© JUNGE FREIHEIT Verlag GmbH & Co.  www.jungefreiheit.de    36/02 30. August 2002

 
UMWELT
Lästiger Umweltschutz
Volker Kempf

Joghurtbecher gekauft - mit Bio-Siegel -, Alu-Deckel aufgerissen, Joghurt ausgelöffelt. Doch dann geht die Arbeit erst los: Alu-Deckel ablecken, zur gelben Tonne schreiten und reinschmeißen. Dann den Becher, bestehend aus Plastik und einer Pappummantelung, auseinanderdröseln. Den Becher soll man nicht auswaschen (der Umwelt zuliebe); aber so mit den Restposten von Joghurt drin kann das Recycling auch nichts werden. Also trotzdem zumindest das Gröbste ausgespült und ab in die gelbe Tonne damit. Bleibt die Pappummantelung. Diese gehört in den Altpapierkarton, der schon langsam überquillt und die in sich gekrümmten Pappummantelungsschnipsel zur Plage werden läßt, weil die so leicht wieder aus dem überfüllten Karton schnäppern - anders als Zeitungen, die bleiben wenigstens so liegen, wie man sie hingelegt hat. Also den Schnipsel wieder genervt aufgehoben und nochmals auf den Altpapierberg gestapelt, wo er noch immer herumliegt, aber die später über ihn gestapelten Zeitungen vorzeitig ins Wanken bringt.

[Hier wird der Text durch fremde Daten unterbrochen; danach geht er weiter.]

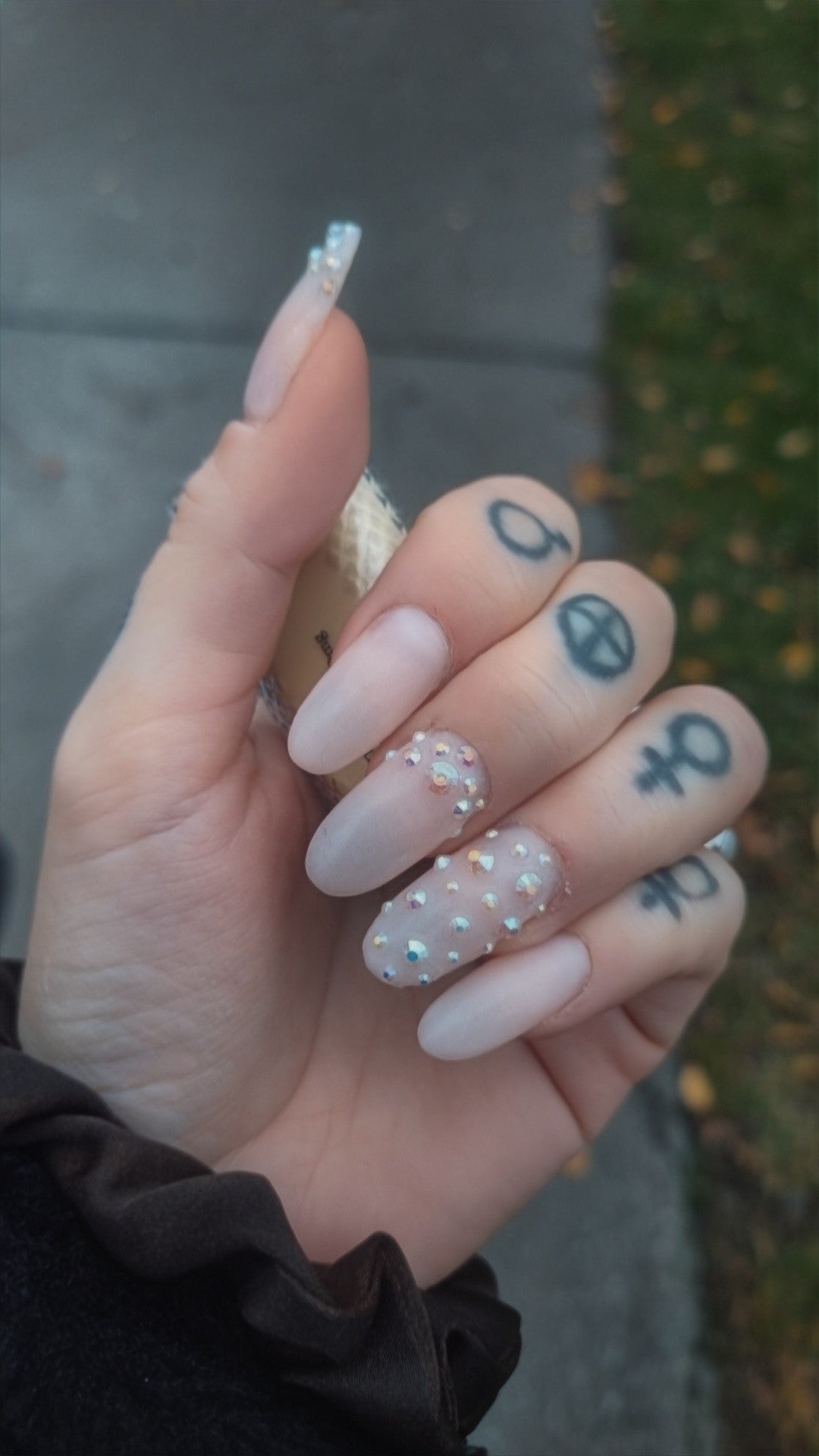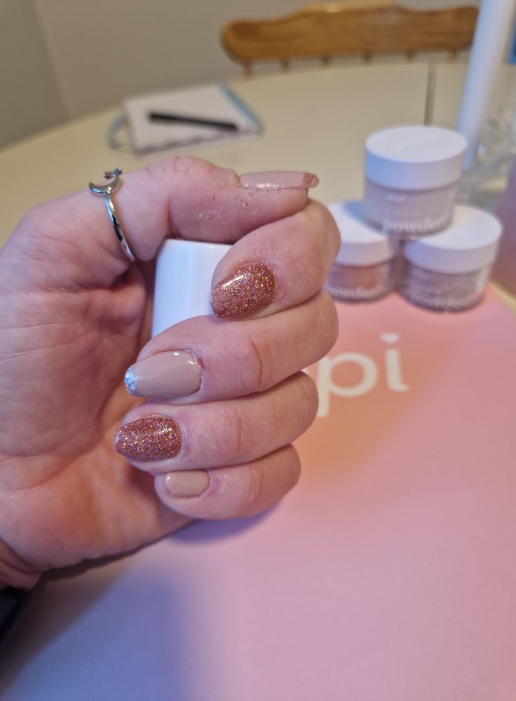 Min absolut finaste manikyr hittills 🥰 Saknat en nude-rosa så blandade min egen med persuasion och clear (och väldigt lite pillow talk). dippi Även använt färgen envy plus lite glitter jag hade hemma.

Das nächste Mal landete dann ein Joghurtbecher ohne Bio-Siegel im Einkaufswagen. Doch auch hier das gleiche Brimborium. Zum Verzweifeln. Fast kommt es einem vor, das Gedrösel soll eine Ersatzhandlung für das Versagen der Umweltpolitik sein, da es dem ruhigzustellenden Volk das Gefühl geben könnte, etwas für die Umwelt geleistet zu haben. Aber das ist Gefühlssache, weil man eigentlich zum Angestellten der Verpackungs- und Müllindustrie wird, die die Sortierarbeit in die Küchen delegiert. Das ist so lästig wie eine Schnake, die einem beim Einschlafen um die Ohren saust und selbst dem eifrigsten Tierschützer die Hand ausrutschen läßt. Joghurt aus dem Becher mit Pappummantelung? Nein danke!